Guinan's participation only lasted a year, until the summer of 1974. He had become preoccupied with his public fasting, and was less drawn to day-to-day activities. Bishop Dozier was concerned both about the optics of the fast, and the protest of Henry Kissinger. Guinan's resignation letter was also a key to his personality. "I function very poorly in organizations and institutions, possibly an instinctual disbelief in the form; I abhor majority and distrust consensus, possibly an exaggerated belief in the individual; I oppose sacrificing the person for the greater Glory of God, which has brought me to the precipice of our present disagreement."

=== Wellspring Ministries ===
For 25 years from 1985 until he retired in 2010, Guinan was executive director of Wellspring Ministries, a nonprofit incorporated to serve adults living with developmental disabilities.

==DC Statehood==
Guinan, a Statehood Party member, saw a DC statehood initiative as a way of bringing the benefits of being a state to the electorate, especially the poor. The statehood movement restarted after the death of Julius Hobson, when Guinan put statehood on the 1980 ballot as an initiative. He did not ask anyone in the self-determination movement, but instead drafted a statehood proposal, which led to initial controversy among those who thought the city wasn't ready. According to Asch and Musgrove, his initiative "required a four-step process: an up-or-down vote on the question of statehood, the election of forty-five delegates to a constitutional convention, the submission of a constitution to the voters for ratification, and, finally, an application to Congress for admission to the Union as the fifty-first state." Were DC to become a state, Guinan's proposal would have launched a legal process to create a constitution for the State of New Columbia and lobby congress for a statehood bill. Asch and Musgrove show how Guinan also hoped to establish a grassroots activist network "that would displace establishment leaders and empower citizens to address D.C.'s most pressing needs." The ballot question won all wards.

== Publications ==
Editor, Peace and Nonviolence, Paulist Press, 1973.

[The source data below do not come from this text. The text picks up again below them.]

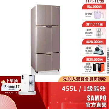 SAMPO聲寶經典系列455L變頻右開三門冰箱 SR-B46DV(R6)-紫燦銀-含基本安裝+舊機回收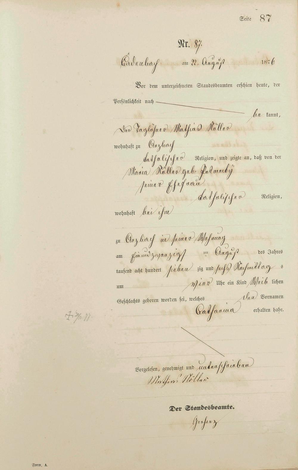 Geburtsregister 1876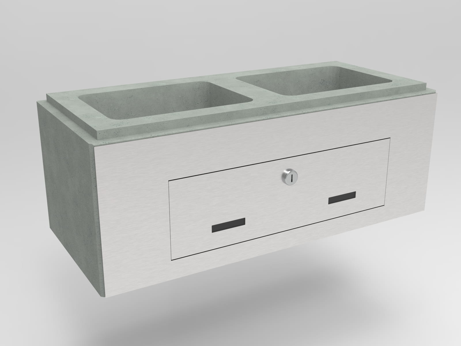 Skrzynkę możesz zamówić z frontem i tyłem wykonanym ze szlifowanej stali nierdzewnej lub ze stali lakierowanej proszkowo na wybrany kolor.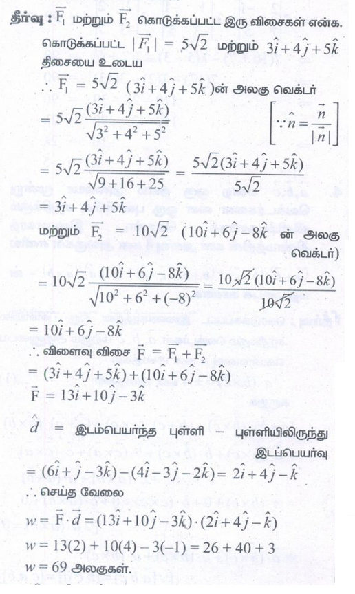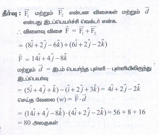 என்ற வெக்டரை நிலைவெக்டராகக் கொண்ட புள்ளிக்கு நகர்த்துகிறது எனில், அவ்விசைகள் செய்த வேலையைக் காண்க.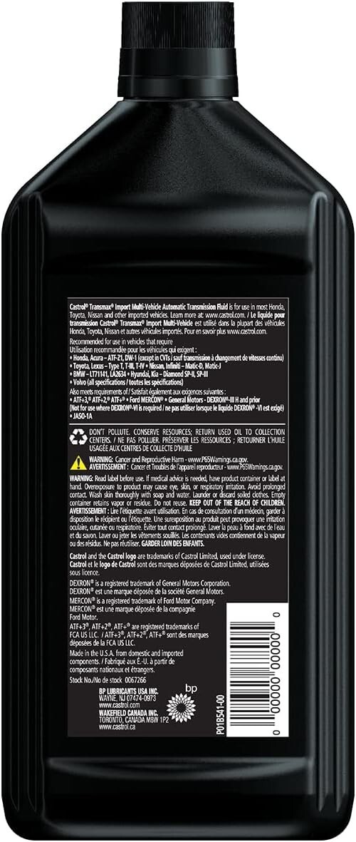Note: Castrol does not recommend Import Multi-Vehicle ATF for use in continuously variable transmissions (CVTs) or where Ford Type F or GM DEXRON-VI fluids are required

Co-author with the Catholic Bishops of Appalachia, "This Land is Home to Me: A Pastoral Letter on Powerlessness in Appalachia," 1975.

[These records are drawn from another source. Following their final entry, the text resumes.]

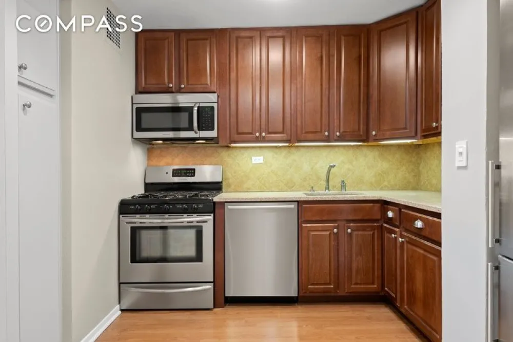 The sunny apartment features a functional kitchen with stainless steel appliances. A breakfast bar/island can easily be installed. The extra long living room can easily accommodate dining and entertaining furniture. The bedroom alcove can easily fit a queen bed. The bathroom has been updated with modern fixtures. Two large closets throughout the apartment. Air conditioning is through the wall. The super low maintenance includes water, heat and cooking gas.
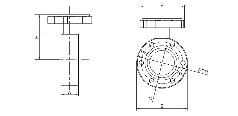 | Model for 304 | Size | A/mm | B/mm | C/mm | D/mm | H/mm | RCD/mm | Bolt Hole | N.W./KG | |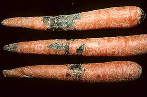 As cenouras afetadas por este fungo não devem ser armazenadas. Durante o período de permanência no solo, um sinal de dano às plantas está escurecendo e morrendo na parte inferior das folhas. As próprias folhas ficam amarelas.

Editor, Redemption Denied: An Appalachian Reader, Gamaliel Press, 1976.

Editor, Flesh and Spirit: A Religious View of Bicentennial America, Gamaliel Press, 1976

==Personal life==
While he was still a Paulist priest, Guinan met Kathleen Thorsby, who had come to Washington, D.C., for the "Peace Summer" discussed above. He asked the Paulists for permission to become the first married priest, and he further petitioned the Vatican to abolish the rule that priests cannot marry. His request was denied by Pope Paul VI, so he left the Paulists. He and Thorsby married in July 1974, she took his surname, and they remained a married team until his death. Together they founded Zacchaeus Community Kitchen, and other cornerstone organizations that serve the poor. Kathleen Guinan has been CEO of Crossway Community since 1990. She is also a founder of Rachael's Women's Center, the first day shelter for women experiencing homelessness. They had four children. The couple received the WETA Hometown Hero award as DC citizens creating "positive change for underprivileged people."